How do you take care of your mental health with such an intense sport?

Right before I get in the car I have really bad anxiety. I always try to tell myself that it’s good because it keeps me on my toes, but it’s hard to not overthink things. It’s important in racing to be able to minimize that anxiety and compartmentalize, and really focus on the task at hand. Most race car drivers have this thing called a race ritual. For me it’s just finding a quiet spot in my trailer and listening to music. I actually used to draw a lot before a race so, if I have time, I’ll sit down with my sketchbook and doodle something. It just gets me in this really calm state. So that’s what helps me the most.

I also had to come back mentally and emotionally from the biggest crash of my career in 2017. I was at this race called Road America in Wisconsin, which has a notorious corner called the kink.

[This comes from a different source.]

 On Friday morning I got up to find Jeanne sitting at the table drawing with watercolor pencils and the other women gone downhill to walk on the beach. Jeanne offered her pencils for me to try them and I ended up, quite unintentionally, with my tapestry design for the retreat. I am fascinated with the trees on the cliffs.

It’s a very fast kink that you’re supposed to flat throttle through—I hit the wall going 100 miles per hour. It was pretty terrifying. They teach you to pull in both your arms and legs the moment you know you’re going to hit the wall, but, unfortunately, I had my foot on the brake, so I sprained my ankle. Other than that I walked out of the car unscathed.

That’s how safe race cars are nowadays, but it definitely destroyed my self-confidence as a driver. I basically lost faith in myself in that moment. That was a turning point in my career because it made me question all of my motives, all of my goals, and whether this was something I really wanted to pursue or was even capable of pursuing as a young Asian woman. I got back in the car a week later and pushed through it. Three years later, I went back to that track for the first time and thought, This is my time to prove myself. I podiumed and it was a very emotional moment for me because I really reclaimed that experience for myself. I showed that I put in so much work, so much time, and it finally paid off.

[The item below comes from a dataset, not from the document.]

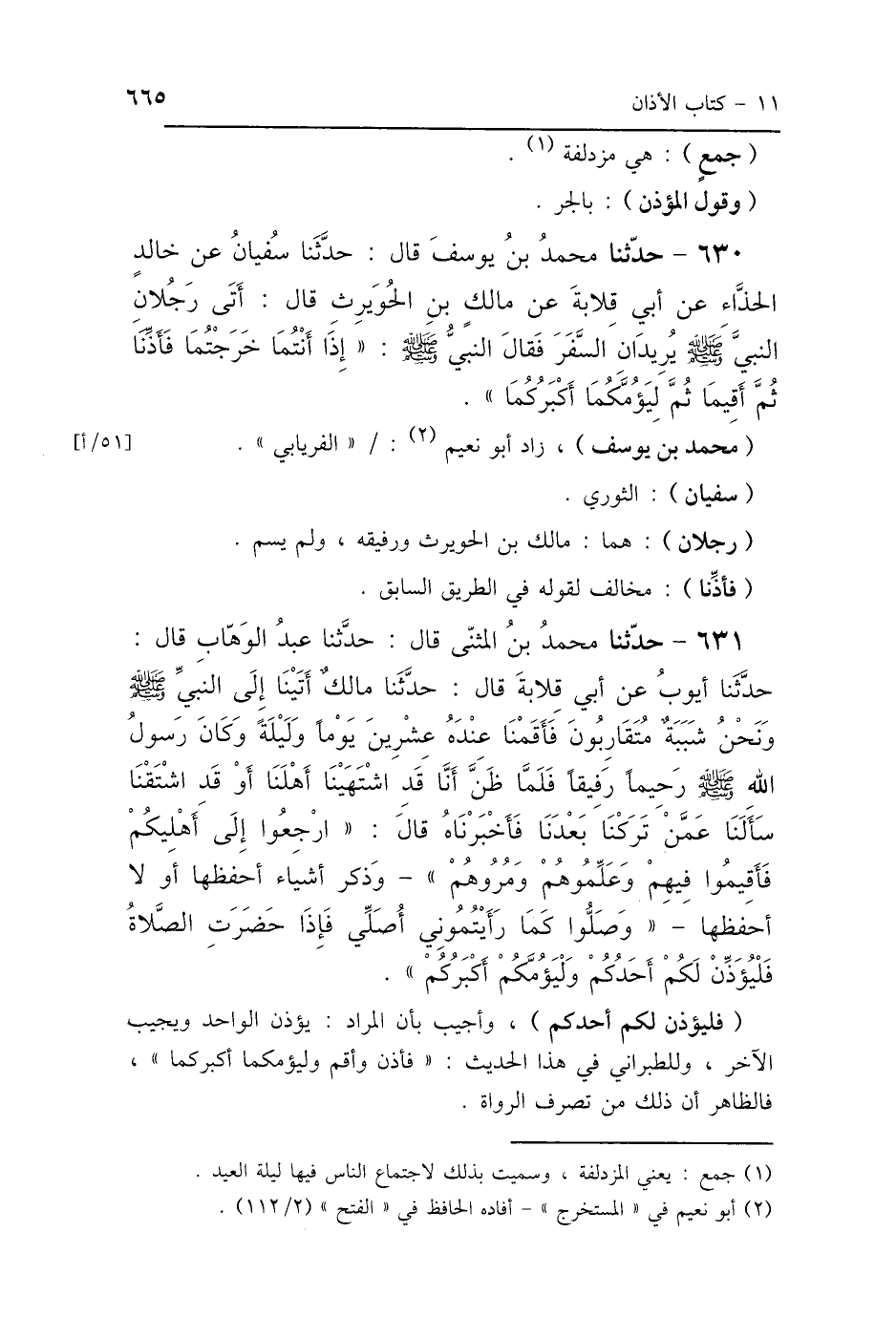 630 - حَدَّثَنَا مُحَمَّدُ بْنُ يُوسُفَ، قَالَ: حَدَّثَنَا سُفْيَانُ، عَنْ خَالِدٍ الحَذَّاءِ، عَنْ أَبِي قِلاَبَةَ، عَنْ مَالِكِ بْنِ الحُوَيْرِثِ، قَالَ: أَتَى رَجُلاَنِ النَّبِيَّ صَلَّى اللهُ عَلَيْهِ وَسَلَّمَ يُرِيدَانِ السَّفَرَ، فَقَالَ النَّبِيُّ صَلَّى اللهُ عَلَيْهِ وَسَلَّمَ: «إِذَا أَنْتُمَا خَرَجْتُمَا، فَأَذِّنَا، ثُمَّ أَقِيمَا، ثُمَّ لِيَؤُمَّكُمَا أَكْبَرُكُمَا».

I don’t really think about that crash anymore—I’ve moved past it. But now I use it as part of my race ritual. I think about all the times I have overcome challenges and performed at my best, and I really put myself in those happy moments where I’ve even surprised myself a little bit. That proves to me and my brain that I can do this, I am good enough, and I can go out and kick ass.

As one of the few female Asian racecar drivers, do you feel like you have to deal with stuff that your male counterparts don’t?

One of the reasons I love racing is because everyone can compete on an equal footing. It’s 85% mental, and in general, physical strength isn’t a factor. But, I did get my period the past two race weekends and it was terrible. I was so tired, and literally sitting on the grid with cramps. I remember talking to one of my guy friends afterward and being like, ‘Can you imagine having cramps?’ And he was like, “No, I literally cannot imagine.’ This is something that female athletes have to struggle with and something that my male competitors don’t even have to think about at all. But I did win, so it just shows that, yes, I can still compete—and win—on my period.